Intervista a Marìa Fux

La divina Marìa Fux

"Danzare è la vita"

Venerdì, 4 marzo del 2011
DANZA> MARIA FUX DEBUTTA CON: “E ADESSO CHE?...”

AL TEATRO 25 DI MAGGIO DI BUENOS AIRES
“Danzare è la vita”
La coreografa, direttrice, docente e creatrice della danzaterapia ha dato il suo addio al teatro lo scorso anno, ciò nonostante, attraverso l'insegnamento, continua a danzare nel suo Studio.
A 89 anni compiuti, presenterà uno spettacolo che affida al movimento il compito di rispondere a interrogativi fondamentali.

Quotidiano PAGINA/12
Intervista di Marìa Daniela Yaccar
[Traduzione di Valentina Vano, www.metodomariafux.com]

- Marìa Fux indugia su un semplice dettaglio per giungere alla conclusione:

“Dalla mia finestra vedo un uccellino che ha fatto il nido. Non è una colomba, è più piccino...è divino. Osservo come sta, che cosa stia facendo. Sono un’amante della vita”.

Chi potrebbe darle torto?

Fux si è ritirata dai palcoscenici mondiali da meno di un anno, ciò nonostante, a 89 anni, dedica alla danza tutte le forze e ogni istante di cui dispone. La insegna nella sua casa-Studio di Buenos Aires; la pensa, la disegna e la mette in scena, come avverrà nei prossimi venerdì e sabato alle 20.30 al Teatro 25 di Maggio (Avenida Triunvirato 4444), dove dirigerà il "Gruppo Oggi".

- L’ultima novità della creatrice della danzaterapia s’intitola “E ADESSO CHE?...”, spettacolo che si rivolge al movimento come cosa viva, al quale Marìa si dirige per porre domande puntuali, quand'anche rimaste senza risposta, come quella che dà il titolo allo spettacolo stesso.

“Ciascuno di noi si chiede sempre che cosa farà dopo, una volta concluso quello di cui si sta occupando. Penso che tutto ciò sia il mistero”, riflette la coreografa, che nel corso della sua intervista a Pagina/12 dà a intendere che continuerà ad andare avanti e che non è sua abitudine soffermarsi troppo su questo tipo di domande.
E’ che per Fux (che lascia trasparire dalle sue parole la stessa passione che ha contraddistinto i suoi esordi – quando convinse Leònidas Barletta che le permettesse di mostrargli ciò che sapeva fare), danzare, è la vita!
In questo nuovo spettacolo è assente una tematica sequenziale, piana, concreta.

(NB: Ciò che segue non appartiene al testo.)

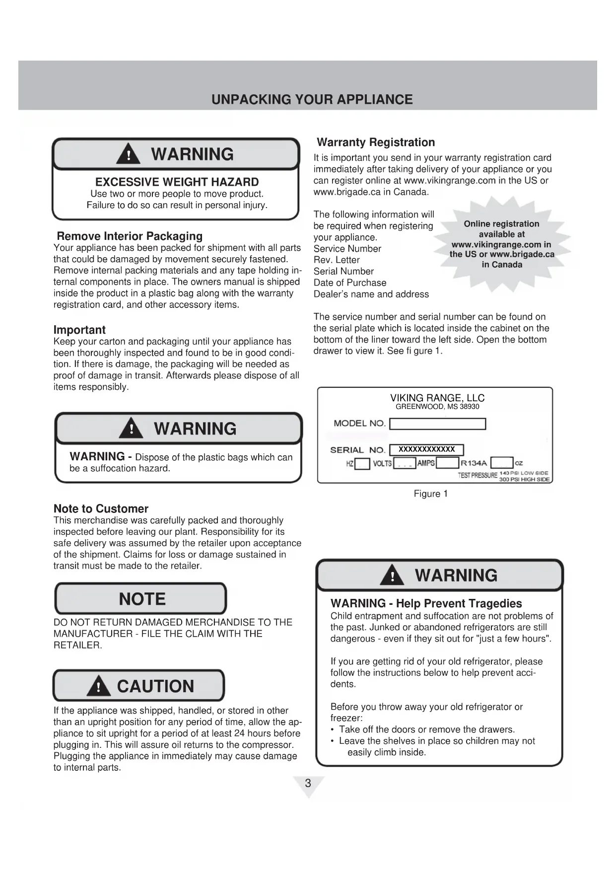 Use two or more people to move product.Failure to do so can result in personal injury. Remove Interior Packaging Your appliance has been packed for shipment with all parts that could be damaged by movement securely fastened. Remove internal packing materials and any tape holding in-ternal components in place. The owners manual is shipped inside the product in a plastic bag along with the warranty registration card, and other accessory items. Important Keep your carton and packaging until your appliance has been thoroughly inspected and found to be in good condi-tion. If there is damage, the packaging will be needed as proof of damage in transit. Afterwards please dispose of all items responsibly. Note to Customer This merchandise was carefully packed and thoroughly inspected before leaving our plant. Responsibility for its safe delivery was assumed by the retailer upon acceptance of the shipment. Claims for loss or damage sustained in transit must be made to the retailer.DO NOT RETURN DAMAGED MERCHANDISE TO THE MANUFACTURER - FILE THE CLAIM WITH THE RETAILER.If the appliance was shipped, handled, or stored in other than an upright position for any period of time, allow the ap-pliance to sit upright for a period of at least 24 hours before plugging in. This will assure oil returns to the compressor. Plugging the appliance in immediately may cause damage to internal parts.It is important you send in your warranty registration card immediately after taking delivery of your appliance or you can register online at www.vikingrange.com in the US or www.brigade.ca in Canada. The following information will be required when registering your appliance.Service NumberRev. LetterSerial NumberDate of PurchaseDealer’s name and addressThe service number and serial number can be found on the serial plate which is located inside the cabinet on the bottom of the liner toward the left side. Open the bottom drawer to view it. See fi gure 1. Warranty Registration Online registration available at www.vikingrange.com in the US or www.brigade.ca in CanadaFigure 1
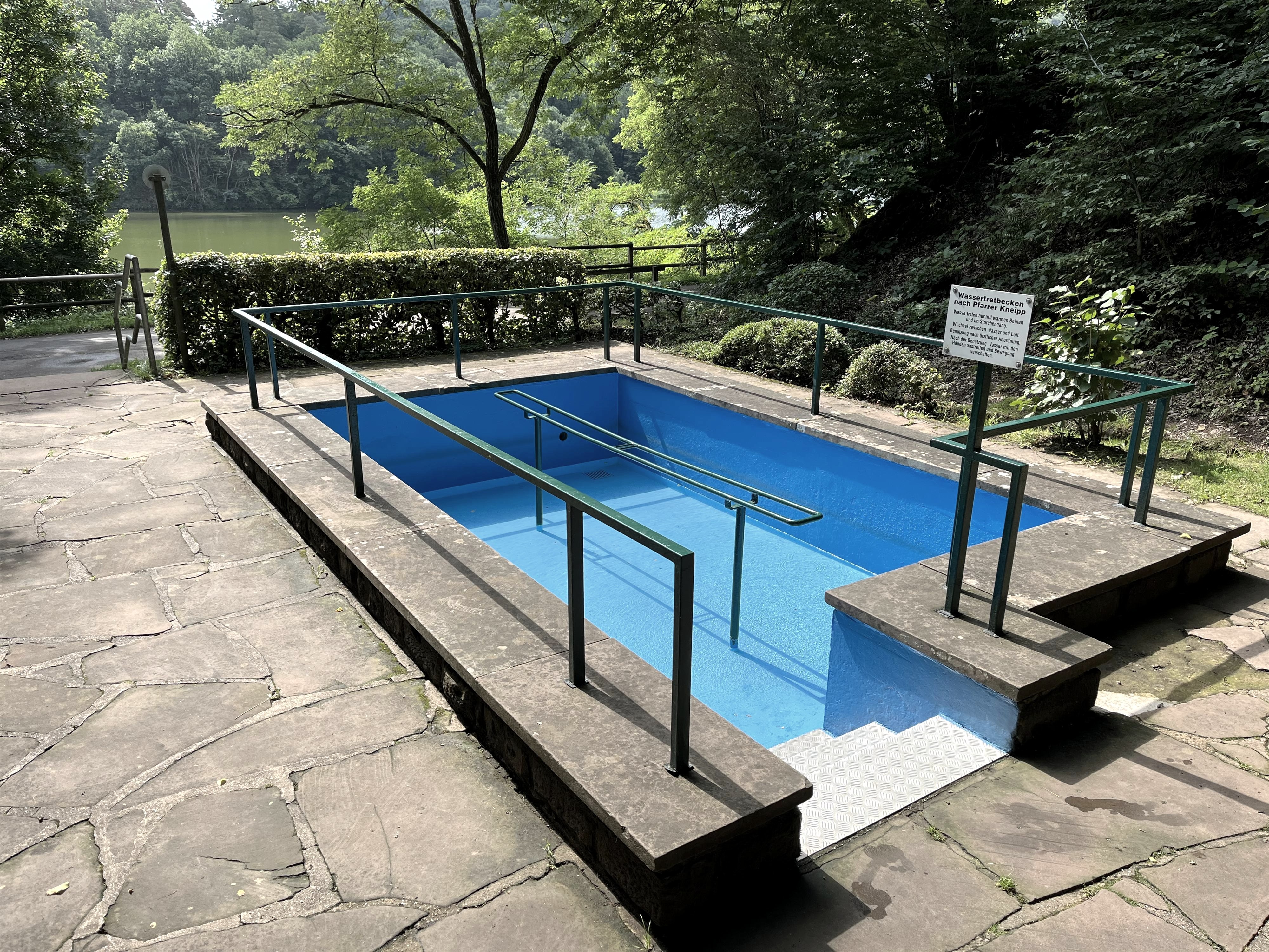 Das Wassertretbecken befindet sich direkt am Stausee-Uferweg. Hier können nicht nur müde Wanderer ihre Beine erfrischen, sondern einige Runden durch das kühle Nass sollen auch gut auf Herz und Kreislauf wirken.
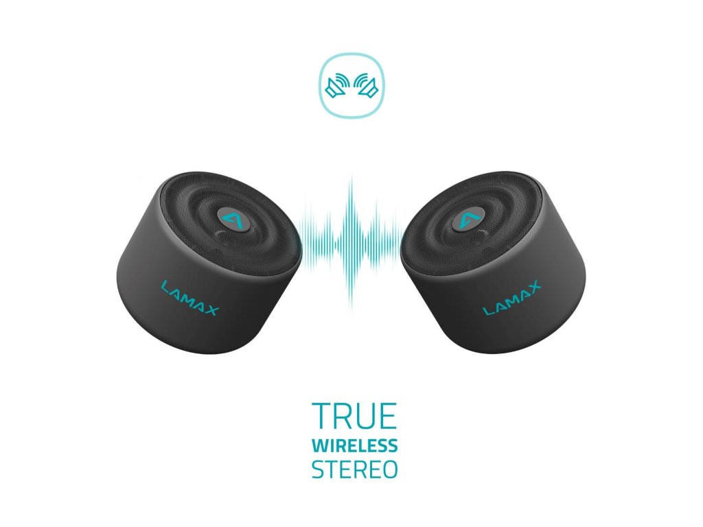 Vezmi ešte jeden LAMAX Sphere2 a pomocou funkcie TWS si sprav poriadnu stereo sústavu. Výkon sa ti znásobí a bez oneskorenia môžeš hrať hneď z dvoch reproduktorov.
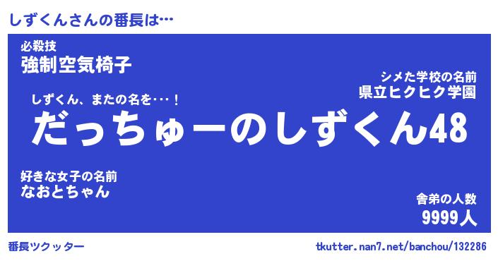 | ヒーロー風カッコイイあだ名 | 『スーパーシズクン』『暗黒騎士シズ』 |
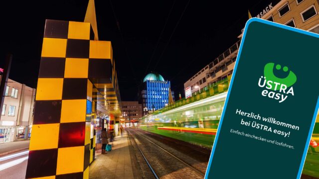 Die neue App „ÜSTRA easy“ macht Tarifzonen und Preisvergleiche überflüssig. Ein Klick genügt zum Einchecken; das Fahrtende erkennt die App automatisch per GPS und Bluetooth-Beacons. Abgerechnet wird nach einem transparenten Luftlinien-Tarifmodell.
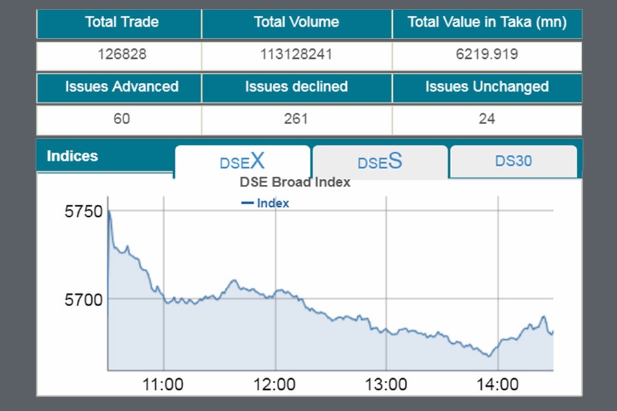 At the end of the session, DSEX, the prime index of the Dhaka Stock Exchange (DSE), went down by 8.38 points or 0.14 per cent to finish at 5,682.
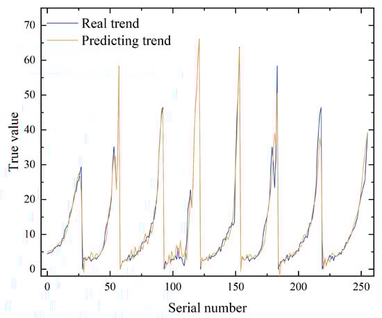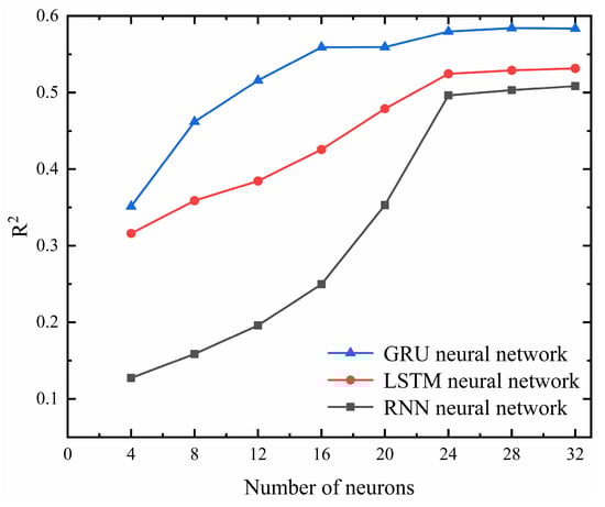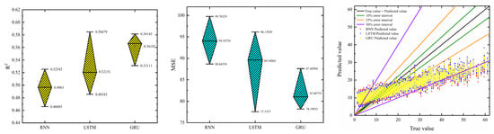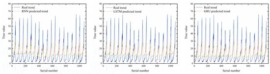 RNN, LSTM, and GRU all can predict temporal data. RNN is characterized by high prediction efficiency. LSTM is characterized by strong memory, high prediction accuracy, robustness, and no gradient disappearing problem due to the existence of three different gate control units inside the neurons. GRU has higher prediction efficiency compared to LSTM due to its simplified neuron internal structure, but its prediction accuracy may be reduced compared with LSTM. Therefore, to evaluate the prediction performance of the three neural networks in detail, the RNN, LSTM, and GRU neural networks were trained. During the training process, the number of neurons for the three neural networks was set to 24, the activation function was set to Sigmoid, and the optimizer was set to SGD; a neural network with the best prediction ability was selected as the prediction model by comparing the prediction value distribution, trend prediction, R2 mean value, and MSE mean value of the test set of the three neural network models.
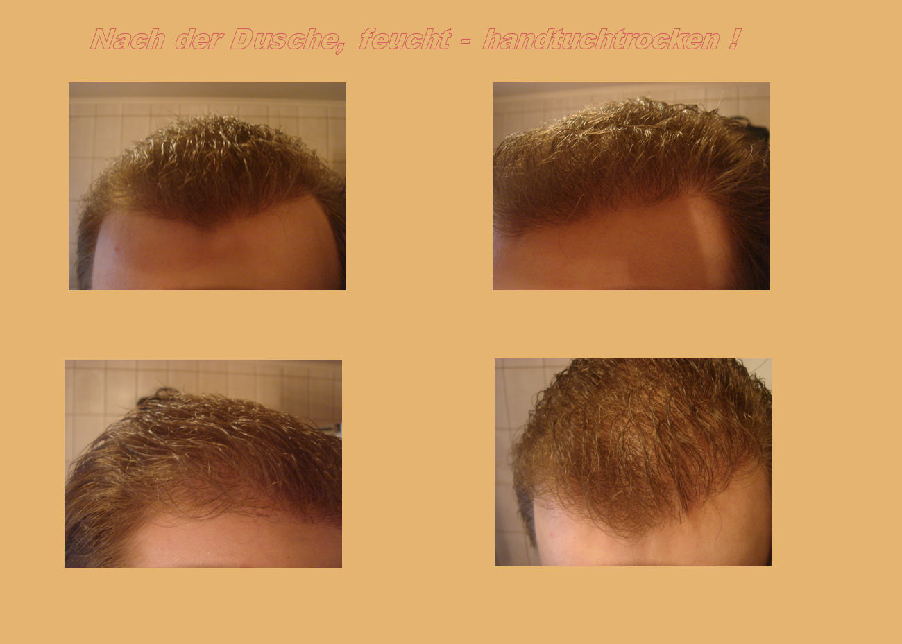 hier noch mein Update zum Bergfest ! Gestylt sieht es schon sehr gut aus, auch ohne Concealer ! Habe aber diesmal Aufnahmen mit handtuchtrocken/feuchten Haaren gemacht. Was mir sehr stark auffällt ist, daß ich vorne sehr gewellte Haare/Locken bekommen habe, was natürlich zu einer bessern Blickdichte verhilft, aber komisch oder ?

- La creatrice, che ne è anche direttrice, ci offre una sintesi povera di parole:

“Cerchiamo di porre domande a cui il corpo a volte risponde, a volte no.
Il movimento è la spina dorsale di questo tentativo ".

Ci sono altre componenti (o “stimoli”) molto importanti, che non casualmente Fux ha messo in scena nelle sue opere precedenti. La musica, sempre contrastata: Piazzolla, René Aubry, Scheila Chandra, e altri; i colori, attraverso le immagini di Pérez Célis, che hanno già fatto da coreografia al suo spettacolo di addio al palcoscenico; e il silenzio. Marìa stessa è un’amante del silenzio che ha conosciuto molto da vicino nel suo intenso lavoro con i sordi.

- In sintesi, l’insieme nasce da un messaggio ultra positivo, proprio e tipico di Fux:

“Con  'E ADESSO CHE?...'  vogliamo affermare che sì, si può.
Cerchiamo di attraversare e superare le paure per poter comprendere cosa ci stia succedendo e quali siano gli stimoli capaci di convincerci a danzare con tutto il corpo”, si dilunga la coreografa. 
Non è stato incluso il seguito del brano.